Diets	Trial1: During the 60-day rearing period					Trial 2: After the challenge test
	D1	D2	D3	D4	D5	D1	D2	D3	D4	D5
Hepatopancreas antioxidant parameters
TAS	2.34 ± 0.04 aB	4.20 ± 0.03 bB	4.22 ± 0.05 bB	4.21 ± 0.02 bB	4.20 ± 0.05 bB	1.97 ± 0.04 aA	3.18 ± 0.02 cA	3.19 ± 0.01 cA	2.55 ± 0.05 bA	3.21 ± 0.03 cA
SOD	2.27 ± 0.04 A	2.29 ± 0.09 A	2.32 ± 0.04 A	2.29 ± 0.07 A	2.30 ± 0.02 A	4.22 ± 0.03 cB	3.14 ± 0.02 aB	3.15 ± 0.04 aB	3.34 ± 0.06 bB	3.14 ± 0.02 aB
PO	5.16 ± 0.04 aA	6.78 ± 0.06 bA	6.82 ± 0.07 bA	6.79 ± 0.05 bA	6.80 ± 0.05 bA	7.38 ± 0.07 aB	10.26 ± 0.04 cB	10.24 ± 0.04 cB	9.61 ± 0.08 bB	10.21 ± 0.18 cB
Hepatopancreas oxidative injury parameters
MDA	12.33 ± 0.09 A	12.27 ± 0.10 A	12.26 ± 0.07 A	12.26 ± 0.05 A	12.26 ± 0.04 A	32.26 ± 1.08 bB	21.54 ± 0.47 aB	21.89 ± 0.23 aB	21.97 ± 0.44 aB	22.55 ± 0.23 aB
Carbonyl	1.22 ± 0.02 A	1.19 ± 0.05 A	1.21 ± 0.04 A	1.22 ± 0.03 A	1.19 ± 0.04 A	2.90 ± 0.04 cB	1.70 ± 0.03 aB	1.71 ± 0.04 aB	2.19 ± 0.02 bB	1.69 ± 0.03 aB
protein

Intestinal Immune-Related Genes Expression

In trail 1, ProPO, IκBα, and TGF-β genes expression levels of shrimp fed the macroalgae-containing diets were significantly higher than those of shrimp fed the control diet (P < 0.05), while no significant differences were found in SOD, TNF-α, IL1β, IL6, and IL8 genes expression levels among all diets treatments (P > 0.05) (Figure 1).

FIGURE 1

Analysis of intestinal immune-related genes expression [A: SOD and PO genes expression levels; B: IκBα, TGF-β, and TNF-α genes expression levels; C: IL1β, IL6, and IL8 genes expression levels. Different letters indicated significant differences between groups (P < 0.05)].

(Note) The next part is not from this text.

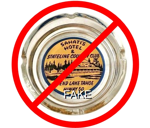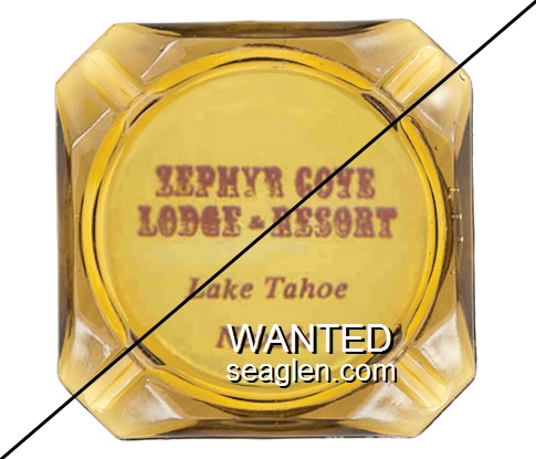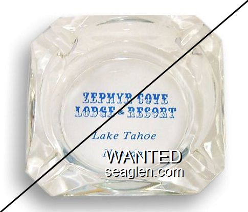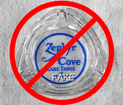 ZEP-91 Zephyr Cove Lodge 3 1/2" Clear Glass Ashtray "Zephyr Cove, Lake Tahoe in Nevada" - Blue on white (A silk screened fake, sold on eBay by seller greencOkecollector) |

Intestinal Microbiota Structures of L. vannamei

As shown in Table 8, the numbers of OTUs in the macroalgae-containing groups were increased compared with the control group (P < 0.05) and the highest number of OTUs was found in the D5 group. The tendency of Shannon index was the same with OTUs. Shannon index of D5 group was the highest and D1 group was the lowest among all the groups. With regard to the Chao 1 index, the highest Chao 1 index was found in D5 group, then followed by the D2 and D3 groups and finally the D1 and D4 groups.

Table 8

Diversity index of gut bacteria of L. vannamei juveniles fed the five experimental diets for 8 weeks based on V4 sequences.

Items	D1	D2	D3	D4	D5
OTUs	283 ± 3.06a	360 ± 2.00c	390 ± 3.46d	311 ± 1.73b	522 ± 2.31e
Chao 1	232 ± 11.82a	323 ± 19.34b	302 ± 17.87b	252 ± 11.75a	551 ± 20.85c
Shannon	4.45 ± 0.01a	4.94 ± 0.01c	5.06 ± 0.01d	4.81 ± 0.01b	5.32 ± 0.02e

Intestinal microbiota in L. vannamei juveniles was clearly divided into three clusters based on the analysis of PCoA (Figure 2A) and UPGMA clustering (Figure 2B). The principal coordinates 1 and 2, respectively, explained 70.52 and 30.16% of the total structure variations. The clustering analysis showed that D3 and D4 groups were clustered together and D2 and D5 groups were clustered together and separated from the control group. The distributions in the quantities of OTUs among the groups were presented in OTU-Venn (Figure 2C). In addition, the rarefaction curves (Figures 3A–C) all reached a plateau, suggesting that the sequencing depth for all samples was well to cover intestinal bacterial community diversity.

FIGURE 2

Analysis of intestinal microbiota structure of L. vannamei juveniles from different diets treatments (A: PCoA; B: UPGMA clustering tree; C: OTU-Venn).

FIGURE 3

(A) Observed species number, (B) Shannon index, and (C) relative abundance based on the bacterial community 16S rDNA sequences.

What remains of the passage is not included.